IEEE Rev Biomed Eng. 2018;11:112-124. doi: 10.1109/RBME.2018.2798701. Epub 2018 Jan 26.
Medical image segmentation is a fundamental and challenging problem for analyzing medical images. Among different existing medical image segmentation methods, graph-based approaches are relatively new and show good features in clinical applications. In the graph-based method, pixels or regions in the original image are interpreted into nodes in a graph. By considering Markov random field to model the contexture information of the image, the medical image segmentation problem can be transformed into a graph-based energy minimization problem. This problem can be solved by the use of minimum s-t cut/ maximum flow algorithm. This review is devoted to cut-based medical segmentation methods, including graph cuts and graph search for region and surface segmentation. Different varieties of cut-based methods, including graph-cuts-based methods, model integrated graph cuts methods, graph-search-based methods, and graph search/graph cuts based methods, are systematically reviewed. Graph cuts and graph search with deep learning technique are also discussed.

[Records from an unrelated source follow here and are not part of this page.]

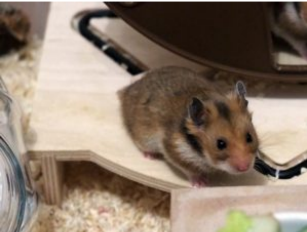
Wildfarben Goldhamster Männchen „Colorado“, geb. 31.08.2020 (465/20) in Köln-Dellbrück
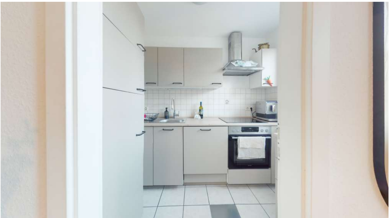
Wohnung Nr. 4
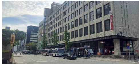
〈天神中央郵便局前(18Aのりば)〉
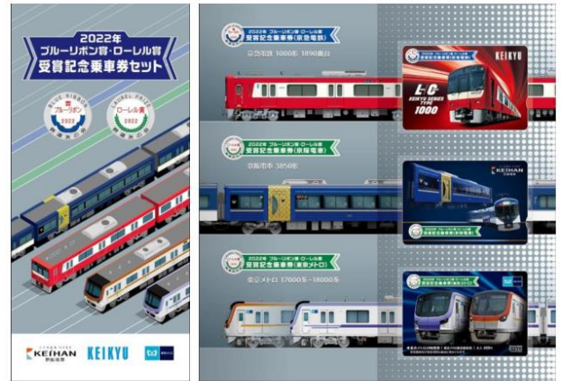
2022年ブルーリボン賞・ローレル賞受賞記念乗車券セット イメージ

https://www.tokyometro.jp/news/images_h/metroNews221124_g30.pdf
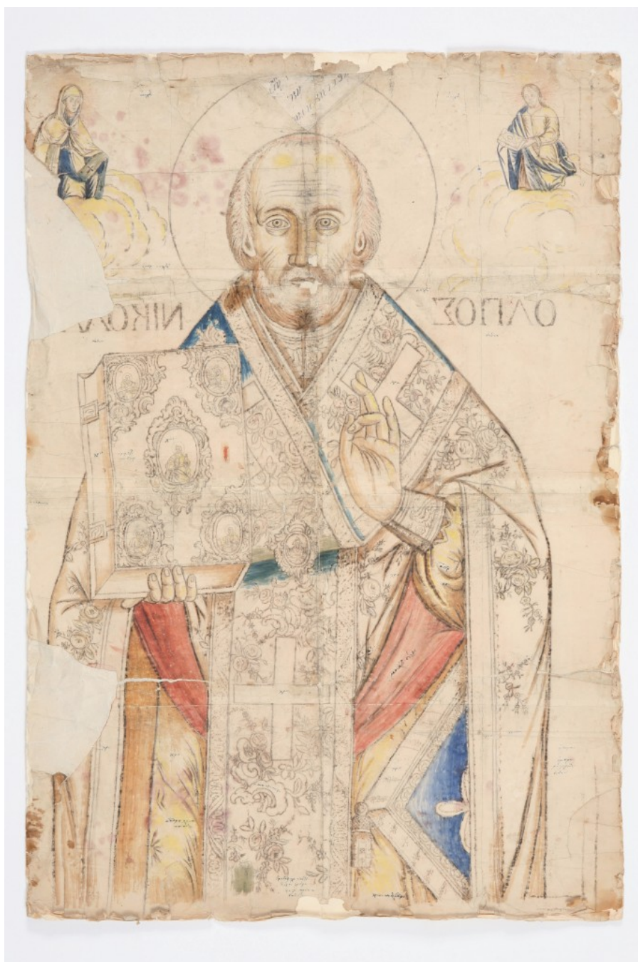
Ο Αγ. Νικόλαος, αρχές 19ου αι.

περισσότερο τη φόρμα παρά το χρώμα. Και θα ήταν λάθος να το εντάξουμε ανάμεσα στα δεκάδες προπαρασκευαστικά σκίτσα αναλογικά με τις προπαρασκευαστικές σπουδές που συχνά προηγούνται μέχρι την ολοκλήρωση ενός έργου ζωγραφικής, αν σκεφτούμε ότι οι αρχές της ισορροπίας, της συμμετρίας, της αξονικότητας, της ιεράρχησης, του ρυθμού και της αναλογίας, όσο πάμε πίσω στο χρόνο, αποτυπώνονται καθαρά και με σαφήνεια πάνω στο σκληρό γραμμικό σχέδιο του ανθιβόλου, από το οποίο συνήθως απουσιάζει η χρωματική ένταση. Αυτοί, άλλωστε, οι νόμοι αποτελούσαν τα διαπιστευτήρια του καλού τεχνίτη που αναλάμβανε να αποτυπώσει τη θεολογία της εικόνας».
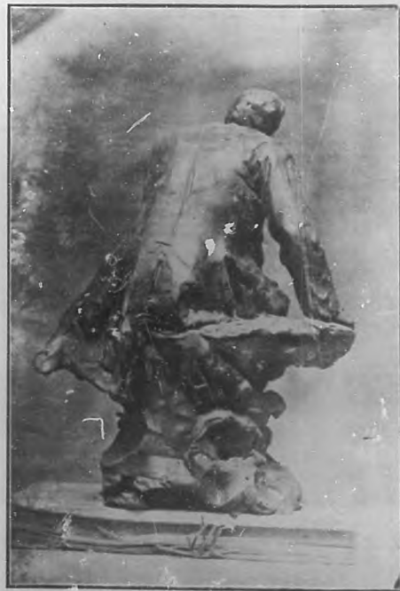
La estatua vista de espalda.

Por fin, repetimos, la obra está ya en su conclusión. Un escultor francés—Julián Lorieux—ha modelado el boceto y la estatua será muy pronto
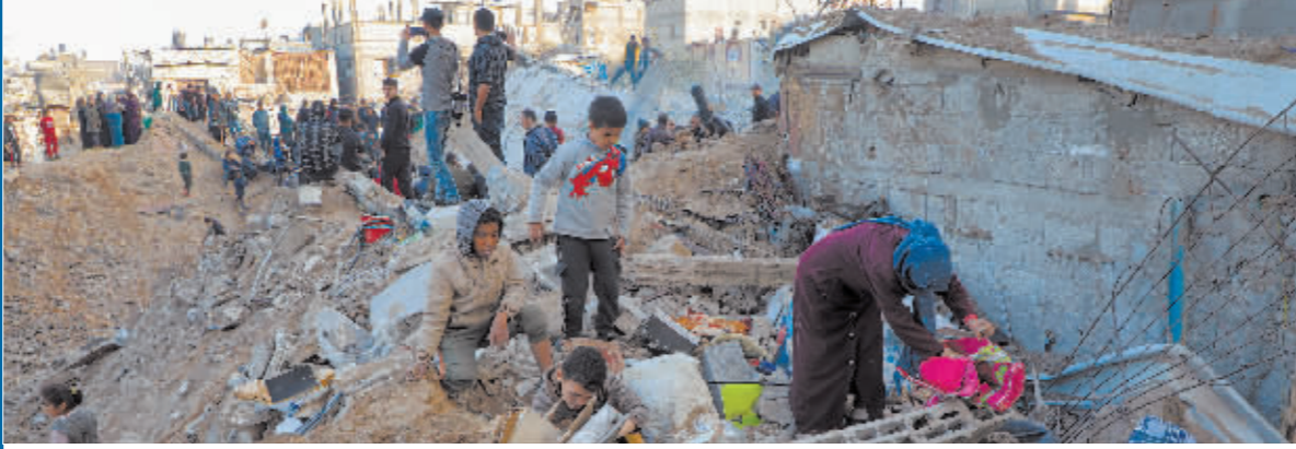
2月20日,在加沙地带中部努赛赖特难民营,巴勒斯坦人查看以军空袭后的损毁情况。

多家媒体2日援引消息人士的话报道,多方谈判代表最早可能于3日抵达开罗,开启新一轮加沙地带停火谈判。美国方面一名官员2日告诉路透社,一份有关暂时停火6周的协议框架已经基本敲定,且获得以色列方面同意。目前还需要哈马斯方面同意在停火期间释放其扣押人员。上一轮谈判2月下旬在卡塔尔首都多哈举行。会后消息显示,以色列和哈马斯在斋月前达成6周暂时停火协议的可能性增大。美国总统约瑟夫·拜登2月26日说,他希望以色列与哈马斯在3月4日这周能够实现停火。不过,多方人士同时透露,以色列与哈马斯的分歧依然存在。以方先前宣称在哈马斯遭清除前不会结束军事行动,哈马斯则说在达成永久停火协议前不会释放以方人员。埃及和哈马斯方面的消息人士2日说,哈马斯目前并没有改变立场,认为临时停火必须是永久停火的开始。不过埃及消息人士称,已向哈马斯方面保证,永久停火相关条款将包含在第二和第三阶段停火方案中。今年1月以来,以色列、美国、埃及和卡塔尔围绕以色列和哈马斯之间的停火协议举行多场谈判,讨论三阶段停火方案等事宜。哈马斯和以色列拒绝面对面谈判,由埃及和卡塔尔在二者之间“传话”。以色列“新消息”电视台2日援引一名以方高级官员的话报道,在收到目前仍活着的遭哈马斯扣押人员名单以前,以方不会派代表前往开罗参加新一轮谈判。

医学图像分割是分析医学图像的一个基本且具有挑战性的问题。在现有的不同医学图像分割方法中,基于图的方法相对较新,并在临床应用中表现出良好的特性。在基于图的方法中,原始图像中的像素或区域被解释为图中的节点。通过考虑马尔可夫随机场来对图像的结构信息进行建模,可以将医学图像分割问题转化为基于图的能量最小化问题。这个问题可以通过最小割/最大流算法来解决。本综述致力于基于切割的医学分割方法,包括基于图切割的区域和表面分割的图搜索方法。我们系统地回顾了不同种类的基于切割的方法,包括基于图切割的方法、模型集成图切割方法、基于图搜索的方法以及基于图搜索/图切割的方法。我们还讨论了基于深度学习技术的图切割和图搜索。